"SAP NetWeaver Application Server ABAP allows an authenticated attacker to leverage logical errors in memory management to cause a memory corruption that could lead to unauthorized data access, modification, or system unavailability," SAP says.
SAP's July 2026 security package: scope and context
In its July 2026 security updates, SAP addressed 16 distinct vulnerabilities spanning multiple products, including three that the company classed as critical. The package also included fixes for six high-severity, seven medium-severity, and one low-severity issue. That wider set of corrections covered a broad range of attack vectors: DLL hijacking, open redirect, missing authorization checks, remote code execution, cross-site scripting (XSS), path traversal, SQL injection, denial-of-service, information disclosure, and security misconfigurations.
SAP noted it has not yet found evidence that the vulnerabilities patched in July 2026 were exploited in the wild. The July advisory follows a June 2026 package in which SAP fixed 15 vulnerabilities, and comes after an incident in which attackers compromised multiple official SAP npm packages in a supply chain attack aimed at stealing credentials from developers' systems.
NetWeaver Application Server ABAP — CVE-2026-44747
The most immediately consequential fix addresses CVE-2026-44747, a memory corruption issue rooted in an out‑of‑bounds write weakness in the NetWeaver Application Server ABAP (AS ABAP). SAP describes AS ABAP as the runtime environment, application server, and development platform for core SAP enterprise software.

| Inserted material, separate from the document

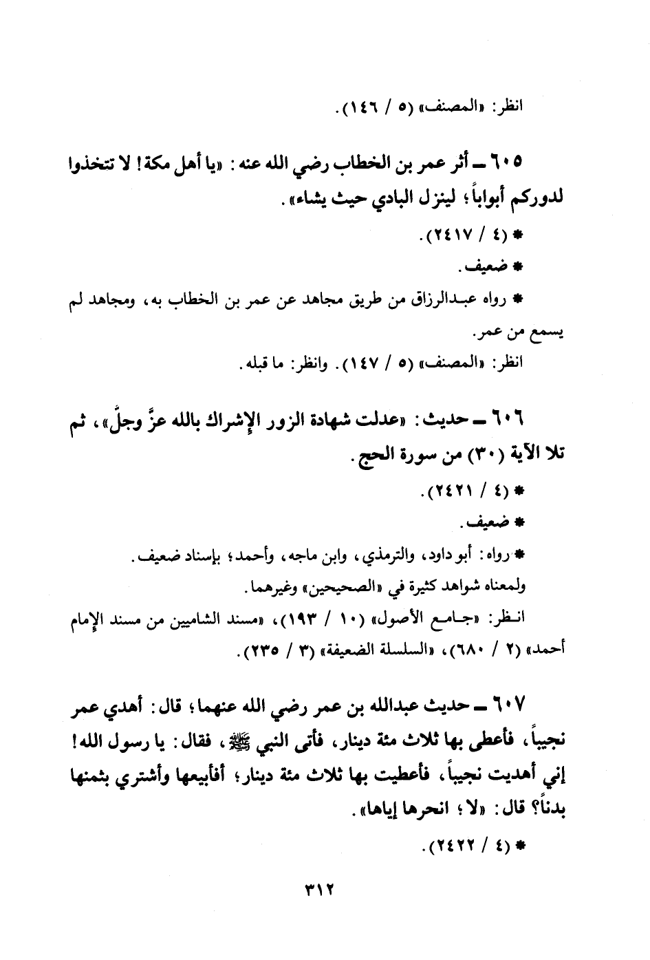 606 - حديث: ((عدلت شهادة الزور الإشراك بالله عزَّ وجلَّ)) ، ثم تلا الآية (30) من سورة الحج.

According to the advisory, an authenticated attacker could exploit logical memory-management errors to cause memory corruption, with "high impact on confidentiality, integrity, and availability of the application." That combination — authentication required but the potential for broad data access or service disruption — is why SAP flagged the flaw as critical.
SAP Approuter (Node.js middleware) — CVE-2026-27690
The second critical vulnerability, CVE-2026-27690, is an HTTP Request Smuggling flaw in SAP Approuter, a Node.js‑based middleware library used for cloud applications deployed on SAP's Business Technology Platform (SAP BTP).
SAP said that unauthenticated attackers can exploit specially crafted HTTP requests to access user responses and trigger denial‑of‑service conditions on a targeted system. The combination of unauthenticated access and the ability to both read responses and cause service disruption accounts for the critical classification.
SAP Commerce Cloud — CVE-2026-44761
The third critical issue (CVE-2026-44761) affects SAP Commerce Cloud, the company's enterprise e-commerce platform. This flaw stems from default credentials that can allow attackers to obtain valid access tokens and then read or modify data via certain APIs.
Default-credential flaws are notable because they can convert a minor misconfiguration into full API access; SAP's advisory explicitly ties the issue to token issuance and subsequent data-read or data-modify capabilities.
What this means for security teams, CISA, and large enterprises
- Security teams and technologists: Expect to prioritize patches for NetWeaver AS ABAP, Approuter, and Commerce Cloud based on the July advisories. The mix of memory corruption, request smuggling, and default credentials means teams must look at both software updates and configuration hygiene.
- CISA and policymakers: The Cybersecurity and Infrastructure Security Agency (CISA) has previously added 14 SAP security flaws to its Known Exploited Vulnerabilities catalog since November 2021, including two abused by ransomware gangs. That prior activity elevates the agency's interest in SAP fixes even when SAP reports no evidence of exploitation for this batch.
- Large enterprises and procurement leaders: SAP reported total revenues exceeding €36 billion in fiscal year 2025 and said it serves 99 of the 100 largest companies worldwide. Those customers, by virtue of scale and integration depth, will need to coordinate patching across deployments and verify that default credentials are remediated in Commerce Cloud instances.
Where this leaves customers and the next question for defenders
SAP's July 2026 updates close three critical gaps and a group of lower-severity issues, but they arrive against a recent history that includes a supply chain compromise of official SAP npm packages and multiple previously cataloged, exploited SAP flaws. SAP's statement that it has found no evidence of exploitation for these specific July fixes is important — but not definitive; CISA's past cataloging of exploited SAP vulnerabilities and the prior npm compromise underscore why organizations should treat the updates as urgent.
The immediate operational task for defenders is clear: confirm patch availability from SAP, apply updates for AS ABAP, Approuter, and Commerce Cloud, and eliminate default credentials where they exist. The broader question left by the advisory is whether patch cadence and configuration checks will be sufficient to prevent attackers from turning similar flaws — particularly in middleware and platform components — into footholds in large enterprise environments.